====== DATA PROVIDED ======

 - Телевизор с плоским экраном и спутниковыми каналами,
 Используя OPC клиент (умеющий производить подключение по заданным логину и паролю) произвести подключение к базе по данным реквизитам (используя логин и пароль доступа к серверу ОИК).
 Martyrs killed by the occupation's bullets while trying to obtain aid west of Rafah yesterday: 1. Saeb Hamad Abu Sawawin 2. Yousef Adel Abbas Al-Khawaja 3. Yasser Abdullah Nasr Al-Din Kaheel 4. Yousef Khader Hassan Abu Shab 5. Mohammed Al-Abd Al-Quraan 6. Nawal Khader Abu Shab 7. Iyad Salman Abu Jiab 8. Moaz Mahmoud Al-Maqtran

======
====== DATA PROVIDED ======

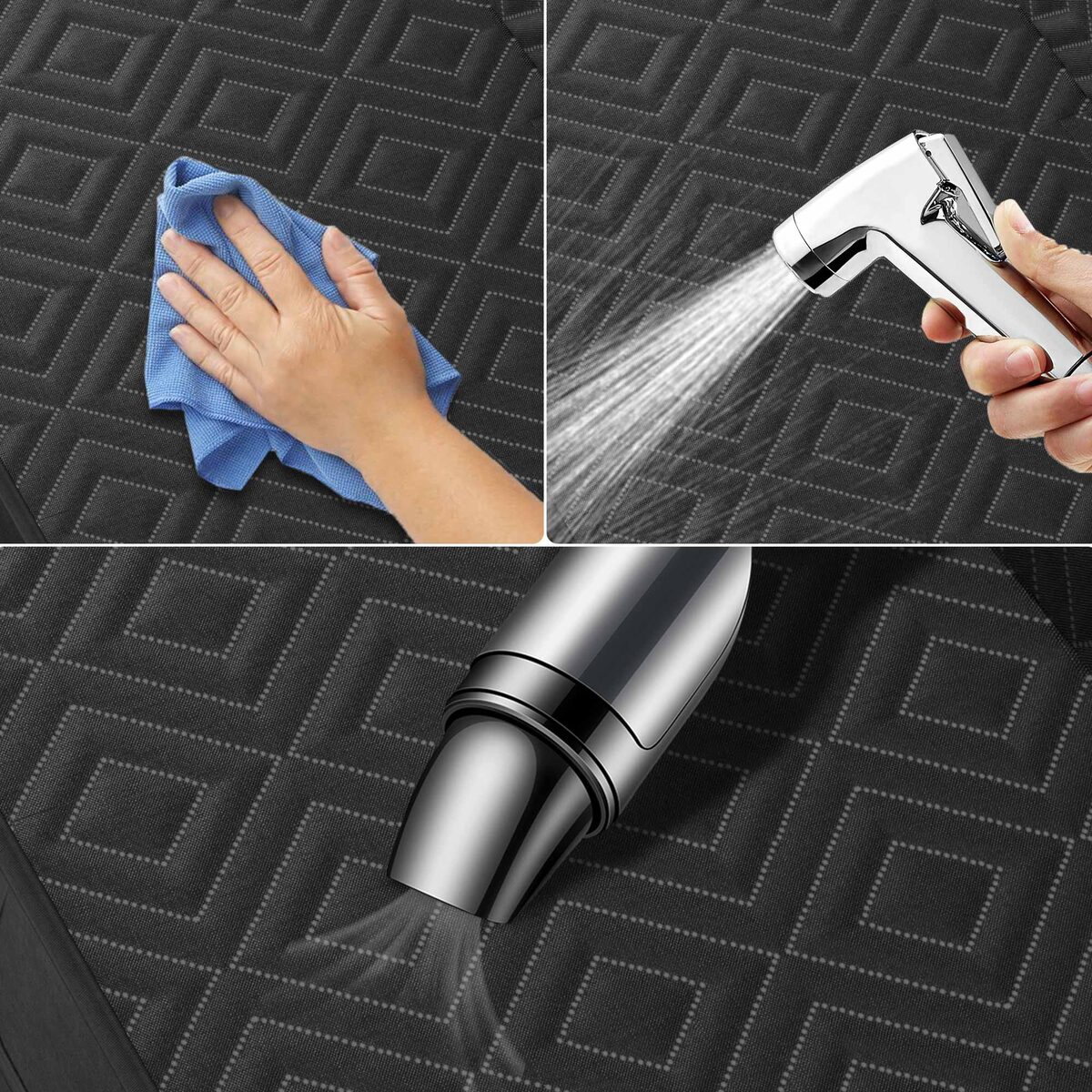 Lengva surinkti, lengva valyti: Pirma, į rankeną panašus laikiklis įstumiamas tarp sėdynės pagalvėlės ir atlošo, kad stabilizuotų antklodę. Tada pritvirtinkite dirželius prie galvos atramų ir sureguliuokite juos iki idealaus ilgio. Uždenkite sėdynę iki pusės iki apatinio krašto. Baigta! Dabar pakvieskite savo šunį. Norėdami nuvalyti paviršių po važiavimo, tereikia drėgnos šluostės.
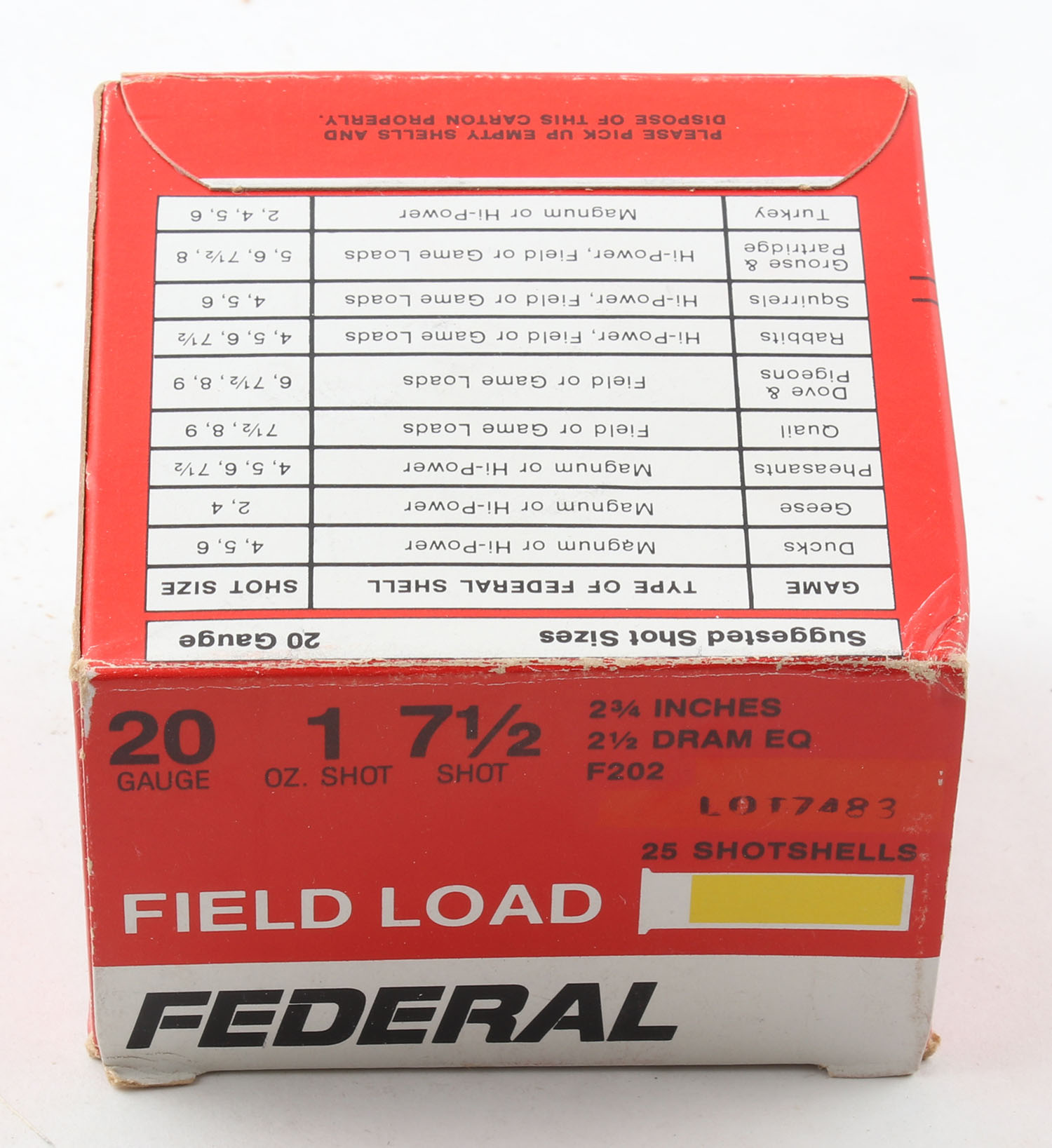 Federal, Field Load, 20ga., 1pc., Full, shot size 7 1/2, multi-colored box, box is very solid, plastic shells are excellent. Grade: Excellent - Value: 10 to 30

======

• AIM OF THE EXERCISE
Take the lines above from the one containing "- Телевизор с" down to the one containing "Используя OPC клиент", and transcribe them exactly, both ends included.

• ANSWER BELOW
 - Телевизор с плоским экраном и спутниковыми каналами,
 Используя OPC клиент (умеющий производить подключение по заданным логину и паролю) произвести подключение к базе по данным реквизитам (используя логин и пароль доступа к серверу ОИК).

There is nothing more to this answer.